# 5 month puppy marking territory in house



## angie701 (Feb 18, 2009)

Hi there. We have a 5 1/2 month old Bernese Mountain Dog puppy, Ollie who has been fully house trained since about 4 months. He's recently started to urinate on his bed (like marking his territory) and also humping his bed quite frequently! He's quite a dominant puppy and although we're managing to do the basic training with him, it's much harder work than with previous dogs we've had.

We used to own another dog so its possible he's getting his scent as his bed is in the same place in the kitchen as our previous dogs was (although Ollie has a new bed).

Just wondered if any of you had similar problems with your puppy? Should we be looking at getting Ollie castrated early as obviously he's going to be a big dog and don't want this behaviour to continue. We were planning on getting him castrated at some point anyway but is it too early to be thinking about this and will it solve the problem?

Any advice welcome, thanks!


----------



## goodvic2 (Nov 23, 2008)

In my opinion it is always best to get the dog neutered asap. Sometimes behaviour can begin out of frustration and hormones, but can continue out of routine/habit. I am not an expert on what the minimum age is to neuter a puppy, but I'm sure your vet can tell you. x


----------



## cpatel (Nov 3, 2007)

Hey, very cute puppy!!!

re: Urinating

How often does he urinate on it. is this something that happens just over night or many times during day and night?

How do you deal with this behaviour of him urinating on his bed?

re: Humping

Humping his bed is probably him maturing and yes neutering him will most probably eliminate or reduce this behaviour. There are many opinions and thought on neutering, mine are "neuter if you are not going to breed from your dog / bitch". (However I will consider dogs individually but my general advice is ...)

I advice my clients to get their dog castrated before 10 months of age and smaller dogs earlier. Most vets in the UK will neuter from 6 months and some will now do this much earlier.

Although I am "pro-neuter" I do say to my clients NOT to think of neutering as a "cure for all" as it is not. Neutering will effect behaviours which are 'linked' to testosterone (ie. decrease humping & decrease roaming) also there are a number of other benefits (to both owners and dogs). There is also an element of learn't behaviour (as the poster above mentions) after a dog has being preforming the behaviour for a while and also behaviours which are not linked to testosterone which neutering will probably not effect.

re: "Dominant Behaviour"

Can you explain to me what you mean by "he is quite dominant" as many people mean so many different things by that phase it would be easier to provide you advice if you could explain in a bit more detail... (such as saying; he pulls on lead, he jumps up, he bites people...)

Finally:

I have seen many owners with similar problems with their puppys behaviour and I am sure with some help you and your pup will both be fine. I would suggest if you are not already doing so working with a local trainer as I am sure this will help sort out some of the problems your are probably experiencing and strengthen the relationship and bond between you and your pup. You can find details of local trainers at: Local Dog Trainers - Association of Pet Dog Trainers UK

Chirag

Chirag Patel DipCABT, CPDT
San Francisco SPCA Certificates in Training & Behaviour and Dog Aggression
Member of the Association of Pet Dog Trainers #00923 (UK) #71093 (US)
Pets as Therapy Assessor

Dog Star Daily Blogger - Please check out Dog Star Daily for loads of free puppy & dog training articles, videos and blogs.

Telephone: 077 2531 0204
Email: [email protected]
Website: www.domesticatedmanners.com

(DipCABT = Advanced Diploma in Practical Aspects of Companion Animal
Behaviour & Training from the Centre of Applied Pet Ethology)
(CPDT = Certified Pet Dog Trainer with the Certification Council for
Professional Dog Trainers)


----------



## angie701 (Feb 18, 2009)

Hi, many thanks for your helpful reply! Will certainly look at training classes for him - we live in Scotland but I think there is a class locally.
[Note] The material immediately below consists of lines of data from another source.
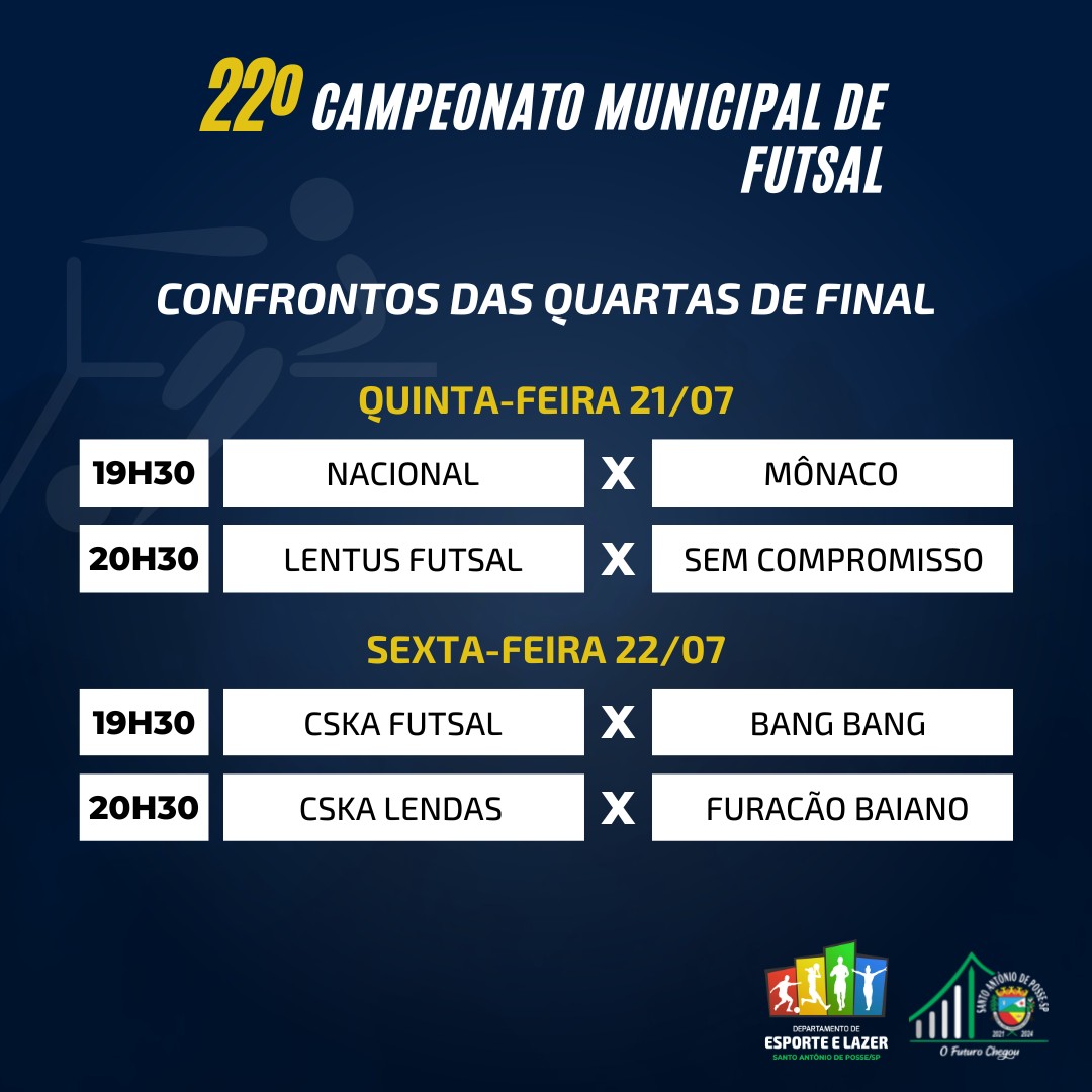 As quartas de final do 22º Campeonato Municipal de Futsal Masculino foram definidas após a última rodada da fase de grupos. Abrindo o mata-mata, na quinta-feira, 21, às 19h30, o Nacional, primeiro colocado do Grupo A, enfrenta o Mônaco, quarto classificado pelo Grupo B. O segundo confronto do dia acontece entre Lentus Futsal, segundo colocado do Grupo A, contra o Sem Compromisso, terceiro colocado do Grupo B.
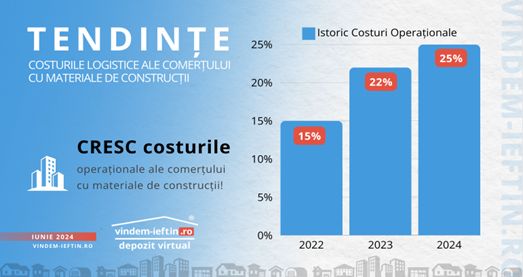 Comertul cu materialele de constructii inregistreaza o crestere constanta a costurilor logistice. Dupa o majorare de 22% in 2023, in primele sase luni din acest an s-a ajuns la 25%. Cresterea influenteaza evolutia vanzarilor, care au scazut cu 15% in primul trimestru din 2024, si ii afecteaza direct pe distribuitorii si producatorii de materiale de constructii, care sunt nevoiti sa reduca marja de profit pentru a nu pierde clienti. Platforma vindem-ieftin.ro vine in sprijinul acestora prin lansarea conceptului Depozitul Virtual, care permite reducerea costurilor logistice cu pana la 15%."Prin lansarea conceptului inovator Depozitul Virtual – singura franciza de materiale de constructii din Romania – se elimina necesitatea stocurilor si logisticii proprii. Acest model reduce semnificativ costurile operationale si ofera o solutie sustenabila si eficienta pentru toti actorii din lantul de aprovizionare. Depozitul Virtual functioneaza prin integrarea directa cu producatorii de materiale de constructii si permite ca produsele sa fie expediate direct de la fabrica la clientul final. Astfel, se elimina costurile logistice asociate cu depozitarea si manipularea materialelor, care pot reprezenta pana la 15% din costul total al produselor", a declarat Cosmin Raileanu, fondatorul platformei vindem-ieftin.ro.
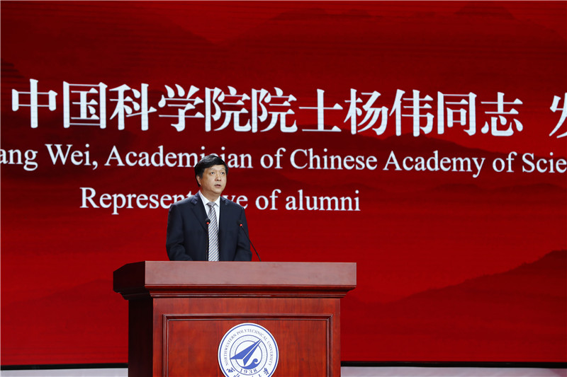 Representing the alumni, Yang Wei, the academician of CAS and vice general manager of Aviation Industry Corporation of China sent his congratulations to the NPU's 80th birthday. After reflecting on his school years, he expressed his deep love and best wishes with four words, namely "ambition, devotion, contribution, and pride".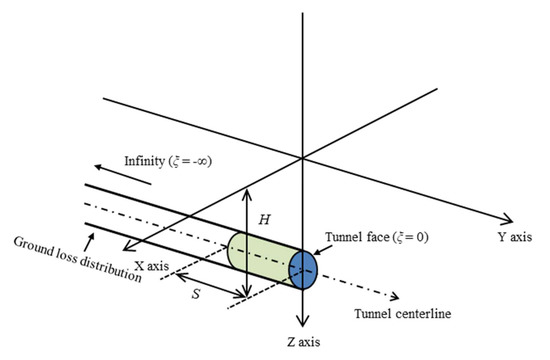 For general subway tunnels, their slopes are usually required to be gentle enough to meet train operation. Thus, the shield buried depth can be simplified as a fixed value within a finite driving length. Figure 7 shows the simplified ground loss distribution along the shield tunneling axis. As drawn in Figure 7, by integrating the Green functions of Equation (4) along the tunnel length from −∞ to –S, the ground deformation induced by ground loss can be written as: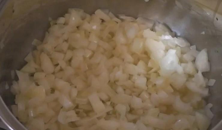 У добре розігрітий казан або сотейник влити олію. У розігріту олію покласти цибулю і обсмажувати її 5-7 хвилин до напівготовності.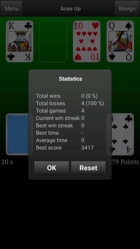 Aces Up (idiot's delight, once in a lifetime, aces remain) is a classical and fun solitary card game where you should eliminate as many cards as possible from the card table. In a perfectly played patience, you only have the aces remaining on the card table. Aces up is easy to play, but hard to complete.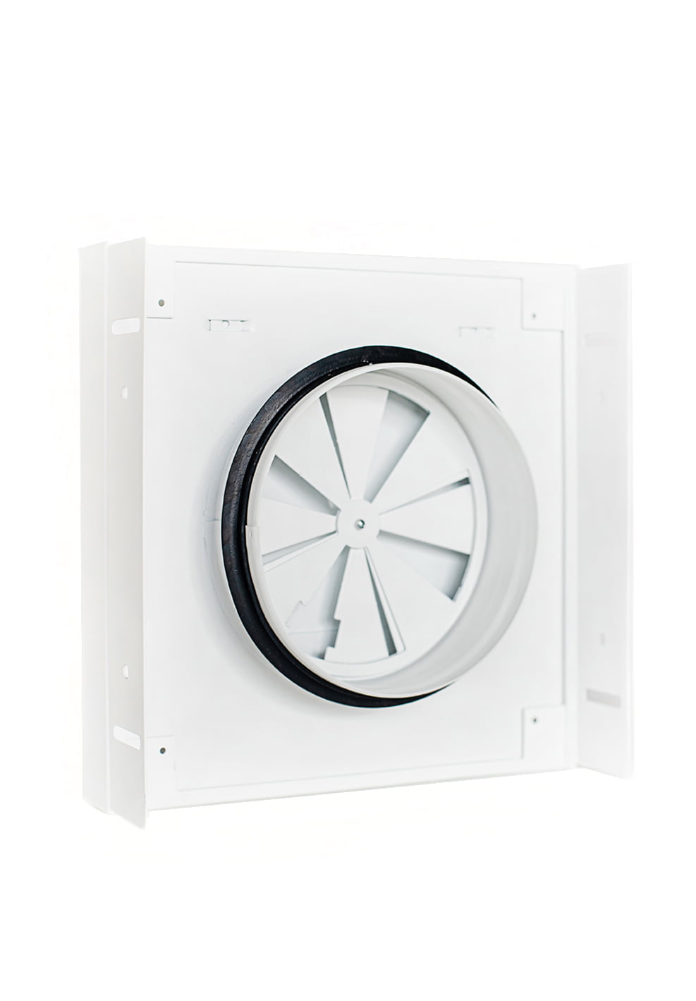 Galimi pajungimo diametrai: 100 mm, 125 mm, 160 mm. Spalva: balta (RAL9016). Išmatavimai: 200 x 200 mm (270 x 270 mm, jei pajungimas 160 mm).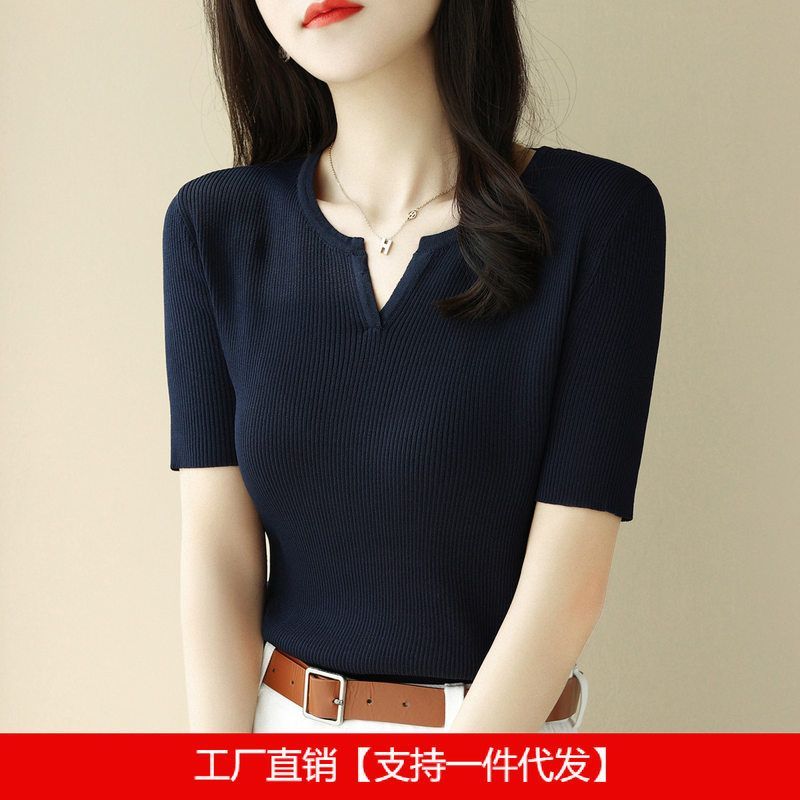 夏季小众v领修身时尚坑条针织衫新款气质短袖百搭薄款上衣t恤女装

Re the urinating - Ollie has only recently started urinating on his bed - so far its only through the day and is maybe 2 or 3 times a day. Most of the time he does it when we're not in the room but if I catch him doing it, I just say no loudly and put him outside which is what we used to do if he did something in the house before he was toilet trained. Then I take his bed away to wash it. He's usually very clean and even when he had accidents before he was toilet trained, he would never urinate on his bed. I should perhaps mention that Ollie doesn't ever sleep on his bed - since we got him he's always chosen to just sleep on the kitchen floor, and especially in doorways. He will lie in his bed chewing his toys etc but just doesn't use it to sleep on.
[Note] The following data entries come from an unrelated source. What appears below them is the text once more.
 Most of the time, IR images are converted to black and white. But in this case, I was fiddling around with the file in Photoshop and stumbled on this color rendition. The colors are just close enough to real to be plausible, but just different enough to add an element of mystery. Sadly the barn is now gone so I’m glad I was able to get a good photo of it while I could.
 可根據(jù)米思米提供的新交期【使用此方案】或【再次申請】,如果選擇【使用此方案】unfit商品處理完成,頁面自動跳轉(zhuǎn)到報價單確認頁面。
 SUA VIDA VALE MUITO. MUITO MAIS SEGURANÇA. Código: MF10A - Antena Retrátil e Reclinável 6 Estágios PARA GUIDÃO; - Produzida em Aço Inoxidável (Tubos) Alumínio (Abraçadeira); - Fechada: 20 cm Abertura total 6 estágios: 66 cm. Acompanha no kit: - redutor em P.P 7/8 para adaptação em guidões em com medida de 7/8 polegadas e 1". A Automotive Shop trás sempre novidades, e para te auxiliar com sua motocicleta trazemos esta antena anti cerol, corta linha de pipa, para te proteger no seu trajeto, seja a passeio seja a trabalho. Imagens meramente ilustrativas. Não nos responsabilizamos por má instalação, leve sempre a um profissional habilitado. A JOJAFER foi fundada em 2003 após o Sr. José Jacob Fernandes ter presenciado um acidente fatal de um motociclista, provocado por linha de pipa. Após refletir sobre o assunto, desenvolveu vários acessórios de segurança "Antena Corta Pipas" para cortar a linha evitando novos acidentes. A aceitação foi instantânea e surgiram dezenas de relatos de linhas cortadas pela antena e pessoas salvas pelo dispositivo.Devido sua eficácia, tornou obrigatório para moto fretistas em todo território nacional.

I will make an appointment to see my vet and see what he says about getting Ollie castrated - if he's happy to do it as soon as possible, hopefully it will help with some of the behaviour.

When I say Ollie is dominant - it's mainly inside the house rather than outside and its mostly towards me rather than my husband (I'm obviously the soft touch!). He barks at me a lot for attention or when I'm preparing food in the kitchen he just stands and barks at me. He also jumps up on people and pulls on the lead when I'm taking him out for walks. I have managed to get him to pull on the lead a bit less recently with some training and the jumping up is now mainly at visitors in the house as he gets over excited. He isn't dominant towards other dogs - if anything he seems quite timid with other dogs when he's out for his walks and he isn't showing any signs of aggression towards us or anyone else. If anything it's the opposite - he is extremely affectionate and I'm the one that probably gives him the most attention (hard not to when he's so cute!). Maybe this hasn't helped.

Would be great to know what I'm doing wrong!


----------



## cpatel (Nov 3, 2007)

Great! I really think that looking for and attending a well run local class will be beneficial.

Re: Urinating

Could I suggest that you try removing his bed altogether (the one he is urinating on). If you want to put a bed down then use a new one or a blanket for the moment and see if taking away the bed which carries the urine odour on it stops him urinating indoors.

Also I would take him out more and reward urinating outdoors (like you probably did when your first started) over the next week and the issue may "go away".

If you catch him doing it indoor I would just say "uh uh" or "no" (like you do) but not loudly just clearly and take him outside if he hasn't already finished.

I know it sound simple but often its easier and quite successful to try the basics before making too much of what could just be a house training relapse.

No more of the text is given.